Mastodon - "The Hunter" (CD)
"The Hunter" track listing:
1. Black Tongue (3:26)
2. Curl of the Burl (3:40)
3. Blasteroid (2:35)
4. Stargasm (4:40)
5. Octopus Has No Friends (3:49)
6. All the Heavy Lifting (4:31)
7. The Hunter (5:18)
8. Dry Bone Valley (4:00)
9. Thickening (4:31)
10. Creature Lives (4:41)
11. Spectrelight (3:10)
12. Bedazzled Fingernails (3:08)
13. The Sparrow (5:32)
Reviewed by Dasher10 on September 29, 2011
After the sheer amount of positive press that “Crack the Skye” got, I never thought that I'd see Mastodon return to the sound of “Blood Mountain.” So for the second time in a row, I found myself having an uncomfortable knee-jerk reaction to a Mastodon album. Yet, “The Hunter” is still an amazing album; not nearly as heavy as “Blood Mountain,” but still a worthy addition to Mastodon's discography.
While returning to an older sound is a risk for any band, Mastodon manages to do it well by ensuring that “The Hunter” has enough subtle differences to set it apart from the band's earlier work. This is mainly with the more prevalent use of clean vocals and guitar solos, both of which seem to have more to do with the the band members progressing as musicians than an attempt to be more commercial. “The Hunter” really shows how Mastodon has grown as a band over the past decade. Troy Sanders now takes the mic just as much as Brent Hinds, who has now become an exceptional lead guitarist, and Brann Dailor delivers his most technical and unrestrained performance since “Leviathan.”
"The Hunter” takes a lot of risks. “The Hunter” is Mastodon's first real album since “Remission” to not follow any particular story. The songs are less progressive and follow more traditional song structures, while harsh vocals are used a lot less than on previous albums. Then again, if any band has earned a right to make these kinds of changes, it's Mastodon. The members have proven since 2002 that they can do no wrong no matter what they do, even if things are a bit simpler this time around.
Most bands can't write songs like “Dry Bone Valley” and “Curl of the Burl,” and even if they tried, metal fans would instantly decry the band as sellouts. The former isn't going to leave the band's setlist anytime soon, since it's on par with “Blood and Thunder” and “The Last Baron” in terms of Mastodon's most memorable songs. Moreover, the production lacks the same power that this kind of music needs and comes across as sounding a bit more like hard rock than metal at times due to the thin, clear sound.
For all that Mastodon have done right, that just makes the flaws much more painful. In particular, “Creature Lives,” which is Mastodon's disastrous attempt at light rock, is just as bad as it sounds. The song plods along, does nothing interesting and goes nowhere. While a handful of tracks on "Remission" were forgettable, “Creature Lives” is the first Mastodon song that I found intolerable to listen to, even if the other 12 songs are every bit as amazing as Mastodon's past material.
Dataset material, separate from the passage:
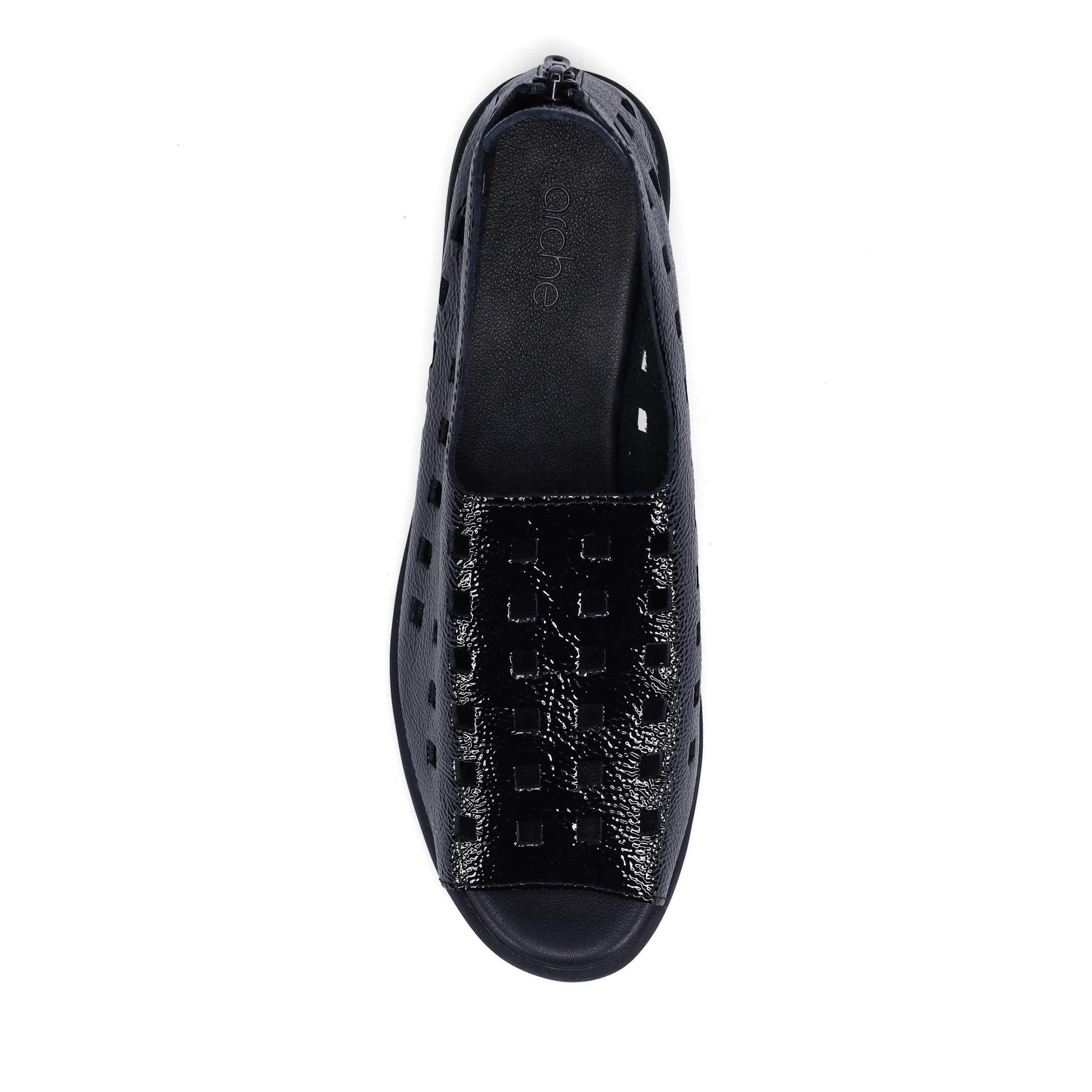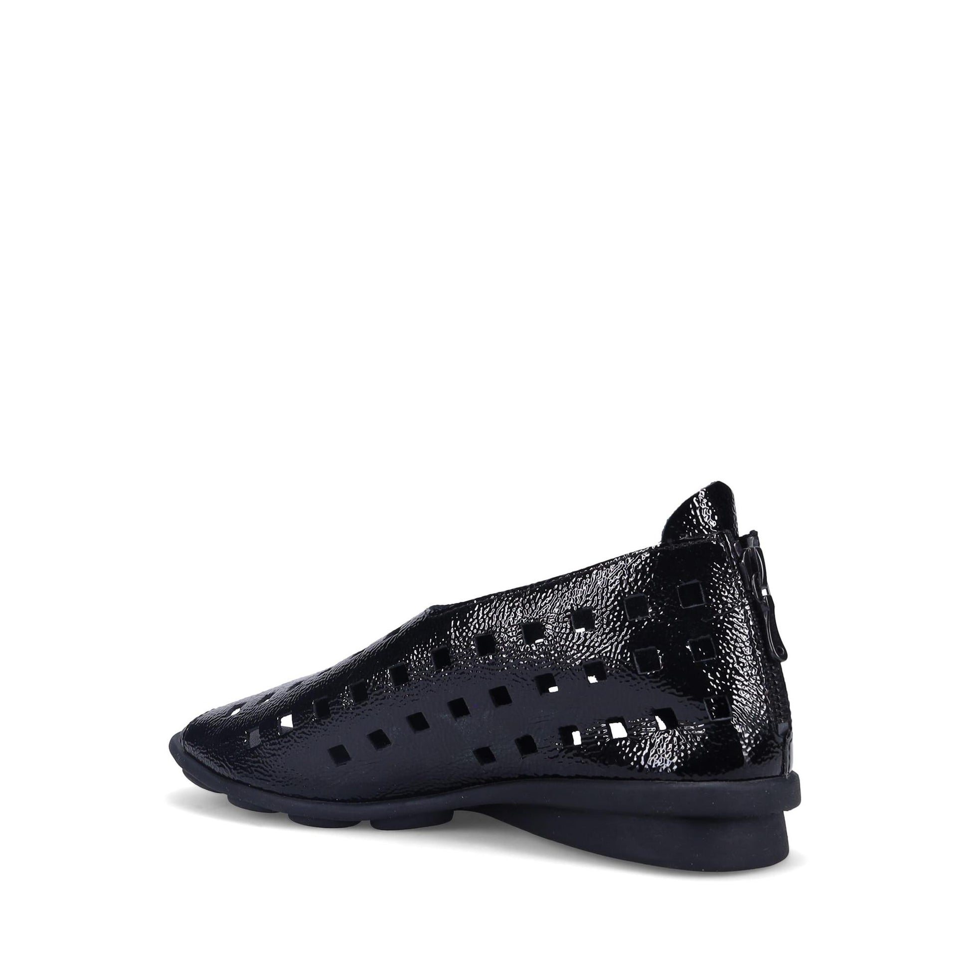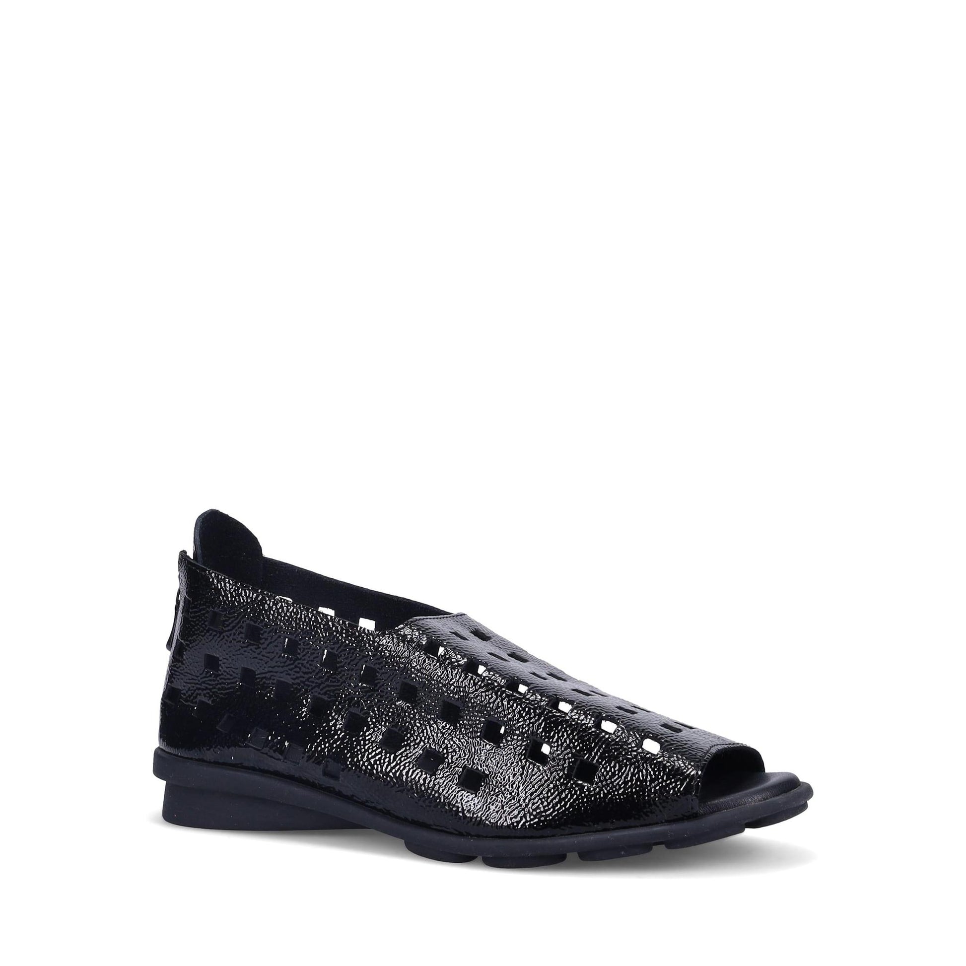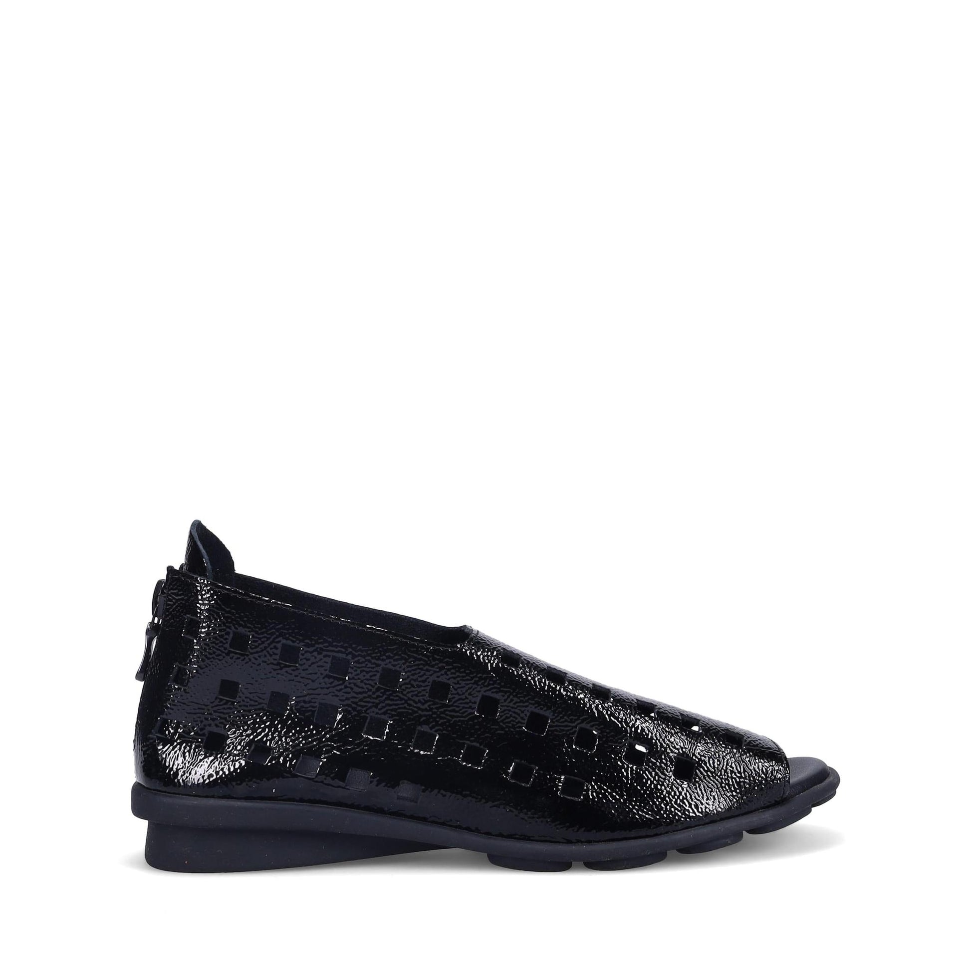 Arche Drick Peep-Toe Flat in Noir Supple Calfskin Patent Leather. Geometric Cut-outs. Back Zipper. Natural Latex Cushioning. Made in France.

While “The Hunter” may not be the second coming of “Crack the Skye,” which is what everyone was expecting, it's still a great album in its own right, despite losing the progressive edge that Mastodon was known for in the past. After recording three of the best metal albums of all time in a row, there is absolutely nothing wrong with Mastodon deciding to chill out and write a simple, straightforward and accessible ass-kicker.
“The Hunter” is the sound of a band who set out to conquer the world post-victory and will certainly be one of the most controversial and talked-about albums of the year. Mastodon has earned the right to do whatever they want and they're going to take you along for the ride. While it's Mastodon's weakest album to date, that's not a criticism of “The Hunter,” but a sign of how high the bar was set for Mastodon. It's still a victory for the band, albeit a small, if not Pyrrhic, one.
Highs: Improved vocals and musicianship, some of the best songs that I've heard all year long regardless of genre, “Dry Bone Valley”
Lows: Not every song is a winner, production lacks power, completely abandons the sound of “Crack the Skye,” simple songwriting compared to previous albums
Bottom line: A baffling, yet welcome, return to form for Mastodon.